Abstract

Social media networks have become an important tool for sharing information in political discourse. One of the most influential social media networks is Twitter, which boasts a simple platform and a community of over 300 million monthly active users. Previous studies examining opinion diffusion have not accounted for the observation that some users may invert the content of a message before disseminating it, propagating a contrasting view relative to the original author. Using politically-oriented discourse relating to Israel, we showed that this “Inverted Opinion” phenomenon is highly common. From a corpus of approximately 716,000 Tweets related to Israel, we identified 6,174 Source-Quote pairs. In 41% of these pairs, the sentiment polarity of the Quote text toward Israel differed from that of the Source text.
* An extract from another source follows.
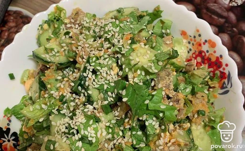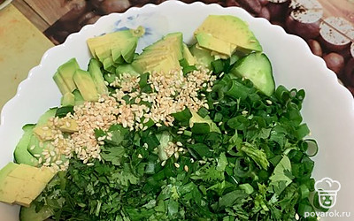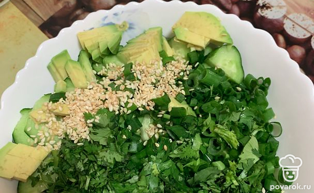 Добавьте авокадо и слегка обжаренные семена кунжута.

Using a Random Forest model based on the Natural Language Processing features of the Source text and on user attributes, we could predict whether a Source will undergo Opinion Inversion (OI) upon retweet with an ROC-AUC of 0.83. Roughly 80% of the factors that explain OI are associated with the Source’s sentiment toward Israel. Although content with a strong positive sentiment was found to be the most viral, it is also the most likely to be inverted. Thus, it might be better to create messages expressing weaker sentiment. Our work demonstrates the importance of explicitly accounting for OI in the diffusion of political discourse.